Had a pretty much identical experience with my friend, only my drop in contact was depression related.

We were both in long term relationships, never a cross over in boundaries, never entered my mind.

He done this a fair few times over the course of our friendship.
One day he admitted he had feelings for me, friendship was his excuse to remain in touch.

All made sense in the end

Zofloramummy · 25/02/2019 13:52

I was friends for about 2 years with a work colleague. He is married with 2 kids. I’ve been single for a year. I am way older than him (like over 10years). Once I became single he got weird. A bit suggestive and then thought it would be a great idea to go out for drinks and sleep at my house Confused.
Needless to say I declined. Turned out he isn’t getting much at home and thought I’d be up for it.
We are no longer friends and thank god I don’t work there anymore!

wowl · 25/02/2019 14:06

I don't think he's over invested in a non-platonic way, more that he doesn't bother with most people as he's a bit of a homebody and not fussed about a ton of social interaction, but made an effort with me because the friendship was a good one and worth it, and now feels that it's been thrown back in his face by my being more 'off-grid'.

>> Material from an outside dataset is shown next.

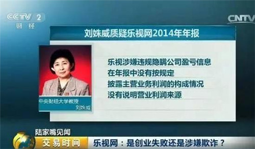 緊接著2015年6月底,曾經揭露藍田股份造假的中央財經大學教授劉姝威,也質疑樂視涉嫌違規隱瞞公司盈虧信息,在年報中沒有按規定披露主營業務利潤的構成情況,沒有說明營業利潤來源。
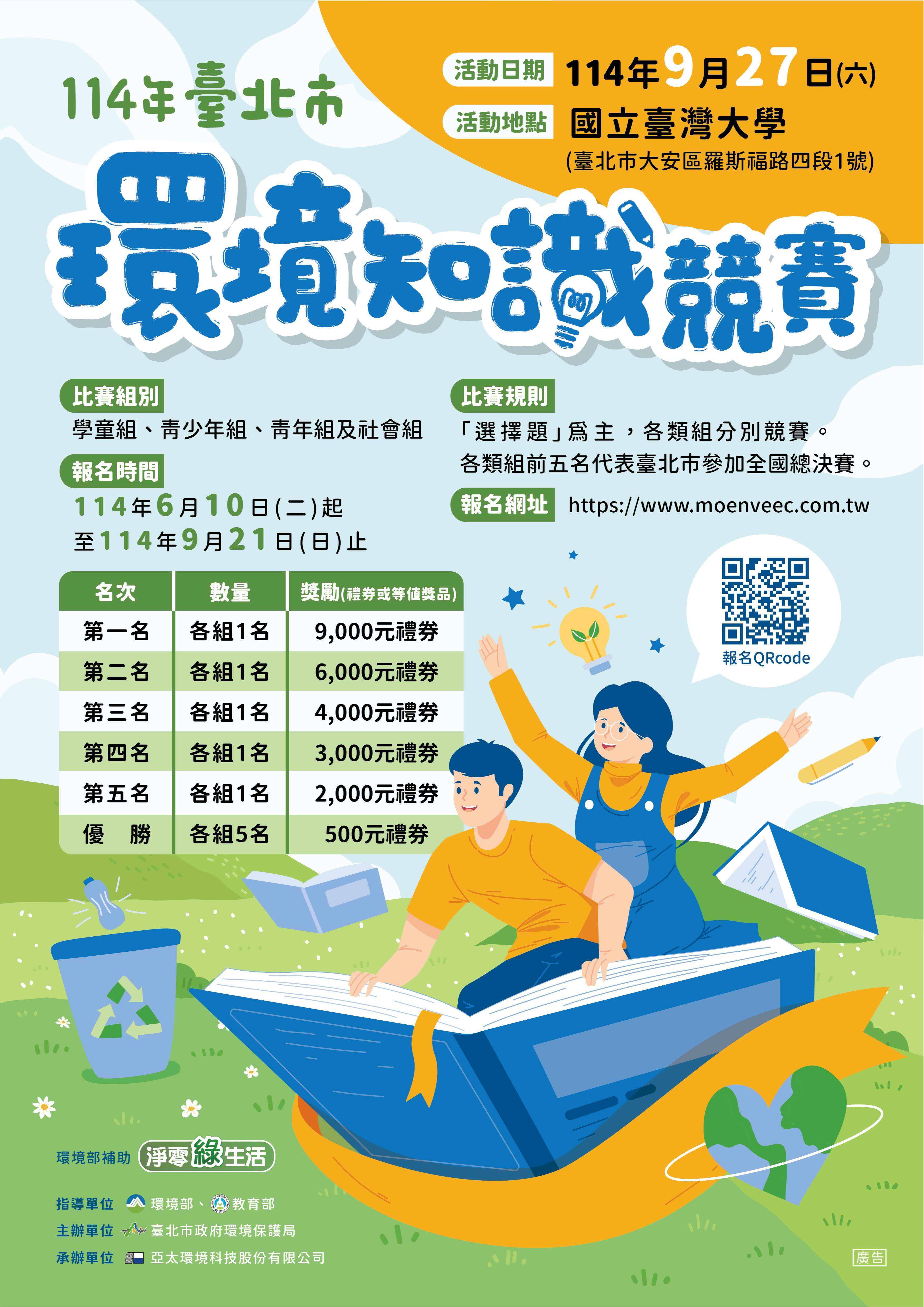 說明: 一、依教育部114年5月27日臺教資(六)字第1140054935A號函 及本府環境保護局114年6月4日北市環綜字第1143046863號 函辦理。 二、為提升全民環境素養,並以寓教於樂方式吸引民眾及學校 師生學習環境知識,環境部與教育部共同辦理旨揭競賽活 動,競賽規劃內容及辦理期程摘要如下: (一)競賽報名組別:分為學童組、青少年組、青年組及社會 組共4組。 (二)競賽方式:採初賽及決賽兩階段辦理。說明如下: 1、臺北市初賽訂於114年9月27日假國立臺灣大學辦理, 各組取前5名代表本市參加決賽。 2、決賽訂於114年11月15日假國立臺灣大學辦理。(三)獎勵方式:進入決賽者頒發獎狀及禮券。 三、請貴校鼓勵師生及職員工踴躍參與,並秉權責核予有關帶 領或出席競賽之教職員工公(差)假課務派代。 四、相關資訊請至活動網站查詢(https://www.moenveec.com. tw,於114年6月10日開放報名),如有相關問題,請洽本 市環保局彭先生,電話:(02)27208889轉7232。 五、檢附114年環境知識競賽須知、114年臺北市環境知識競賽 須知及海報各1份。

Thanks for all the responses. The one about him being a 'filler-male' hit hard and may have some truth to it. I think I'll obviously give him his space for a week and then resume the chatting about mutually enjoyed topics, but cut out any sort of deeply personal stuff and keep him emotionally at arms length. Because if he is interested (still think not) then that sends a clear signal, and if he's not then it keeps me more distant from it in case he does just drop me in the end Sad

I know it's complicated and a bit juvenile, but I think he'd been bottling it up and then it just spilled over. To be fair I'd struggle not to be hurt if I felt like he apparently does and I probably have been a bit of a knob... and if I was trying to tell someone they'd made me feel that way I'd be upset about it too.

OP posts:
wowl · 25/02/2019 14:12

It did feel a little possessive but I care enough that I'm willing to give him the benefit of the doubt. If that vein continues then obviously it will be another matter... I'm glad the consensus isn't that I've been a twat because I was doubting it to be honest.